I've had a love/hate relationship with the "Charlie Rose" show for decades now. I think he represents what is the best, and what's most lacking in TV journalism. No, he never did interview Howard Zinn, even once. Charlie interviewed Chomsky only once himself (even though Rose told Chomsky, on camera, that the show receives more email requests to have Chomsky on than anyone else. Yet Chomsky was only interviewed once more, and by a guest host.) The only time he interviewed Ralph Nader (and for just a few minutes each time) was when Nader was running for President. (I guess he felt he had to.) In other words, yes, Charlie Rose is as "Establishment" as the driven snow.
That being said (and with that not insignificant caveat in mind), I personally think Charlie Rose may still be the best interviewer in the history of the medium. This would include David Susskind, Dick Cavett, Edward R. Murrow, and David Frost (very early, pre-talk show) who, in his earliest incarnation, may have been the very(?) best.
There was a time when I was frankly so obsessed with the "Charlie Rose Show" I actually emailed them (crose|AT|bloomberg.comEmail address) often enough that a niece of mine (who happened to be an intern at the show at the time) once told me that they kept a separate folder on me. On rare occasions, I was even notified by the staff that my concerns had been passed on to Charlie himself.
So, this naturally led to me seeking out his web site and discovering that it was a very user-friendly, well laid-out, piece of web architecture; and I proceeded to take full advantage, spending untold hours there. I really thought (in my very limited experience) that it must have been the best one of its kind.
Alas, after a while (many years in fact), for some reason they re-did it. I still can't understand why the show would virtually decimate such a useful, and (I thought) culturally indispensable tool. I (naturally) vented my rage in one of my scores of emails...

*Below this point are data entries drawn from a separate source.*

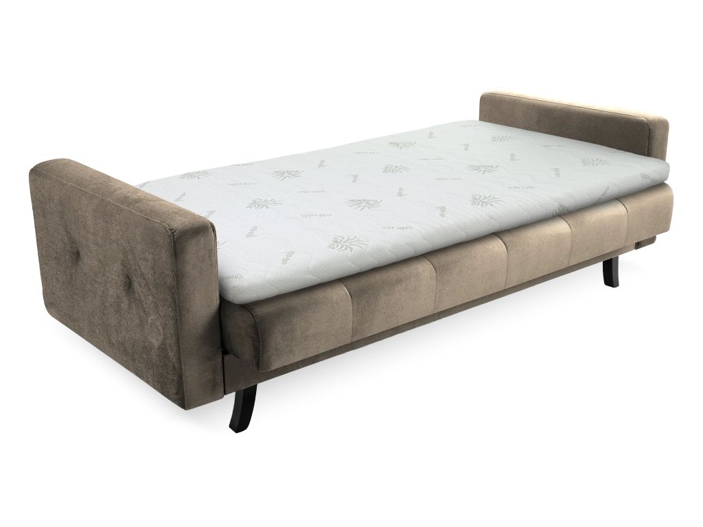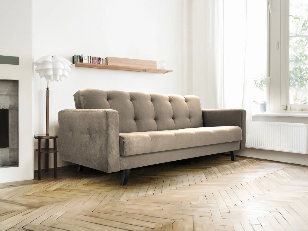 Pohovka do obývačky Lisabon je mimoriadne praktická. Vďaka klik-klak funkcii rozkladania sa razom premení na priestranné lôžko. Ideálne pre hostí alebo pre chvíle, keď si chcete natiahnuť nohy a oddýchnuť. Pod sedadlom sa nachádza praktický úložný priestor, kde môžete uschovať posteľnú bielizeň alebo sezónne oblečenie. Je vyrobená z tých najlepších materiálov - masívneho dreva, nábytkovej dosky, pružín Bonell a vysoko elastickej peny T30.
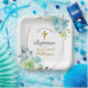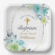 Schöne blaue Blume Golden Cross Baby Taufe Pappteller
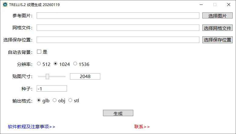 如果是想将图片转成3D文件的话,就运行图片转3D.exe。如果是想对3D网格文件生成纹理材质的话就运行纹理生成.exe。
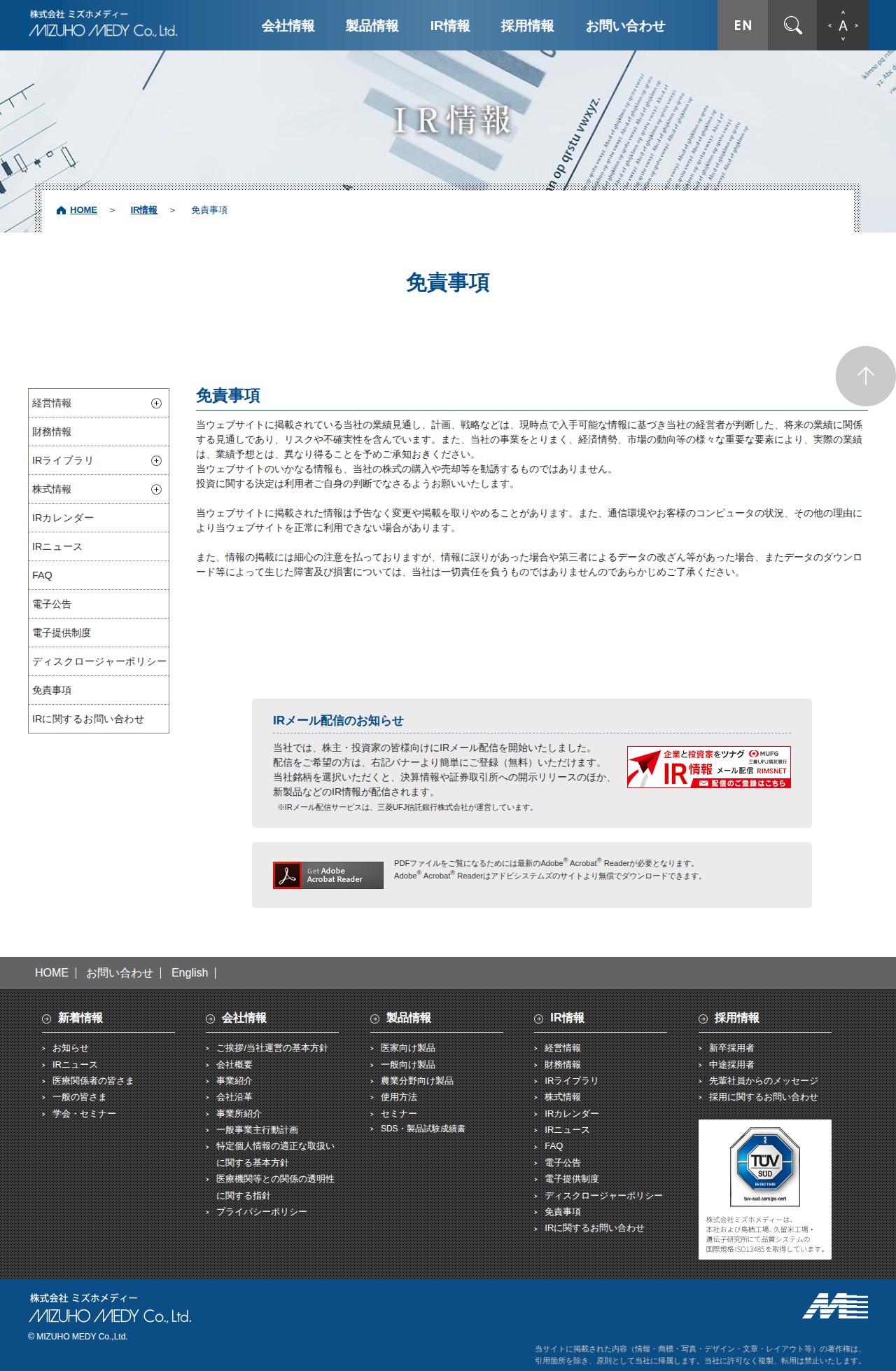 免責事項 | IR情報 | 株式会社ミズホメディー
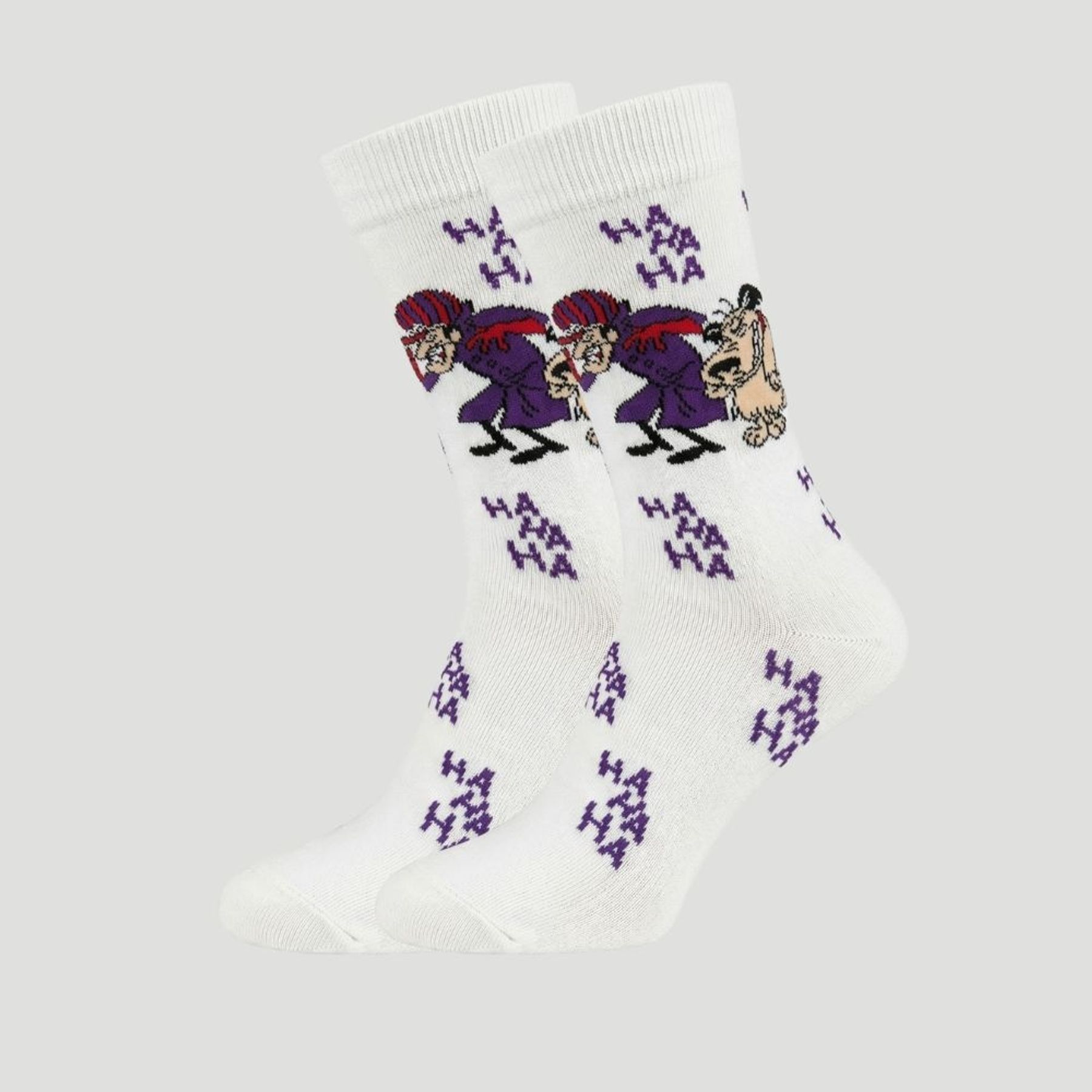 Economia de R$ 2,00A meia cano longo Corrida Maluca traz a dupla Dick Vigarista e Muttley em uma estampa divertida, com escrita "HA HA HA" em roxo. Feita em 100% algodão, oferece toque macio e boa respirabilidade para o uso diário. O punho canelado ajuda a manter a peça firme no pé, enquanto a base clara facilita combinar com diferentes looks.

I guess I wasn't the only one. Because at some point (it must have been fairly recently) they did it over once again. But this time they have managed to vastly improve even on the original one, of which I was so fond.
The new web site is extraordinarily user-friendly: indexed by year, topic, guest; cross-referenced with photos of each guest, and with very high definition video and sound. It's a true cornucopia for anyone who has a similar affinity for talking heads (I have no association with the show, despite my niece getting a job there so, no, this review has not been planted by Bloomberg News...)
My one problem is that it is 80 - 90% journalists and politicians. This may be a plus for some. But my favorites are the novelists, followed by musicians, followed by actors (hey, I'm only human, too...) and other show people. He has had some absolutely amazing, and I think priceless conversations with people like Norman Mailer, Gore Vidal, Martin Amis, E. L Doctorow and critic Harold Bloom (one of my personal favorites), etc. He also may have been the only person ever to nab an in-depth interview with Warren Beatty, and in addition has had classic chats with Neil Young, Andre Previn, Daniel Barenboim, Aaron Copland, a great interview with Robbie Robertson of "The Band" (Dylan is still a holdout for some reason) and on and on.
Perhaps what is unique about the show is that since its first broadcast in September 30, 1991, and the fact that it has been on 5x per week since then, and that it reflects generally weightier matters than the many other talk shows available, what the web site provides is at least one decent interview with virtually every notable person who has been in national public life, since that first show in 1991 and now. And, sometimes it offers more than one interview with the same person, and ofttimes those interviews are much better than "decent', indeed.
Anyway, one of the nice things about places such as OpEdNews.com is being able to share things with other like-minded people.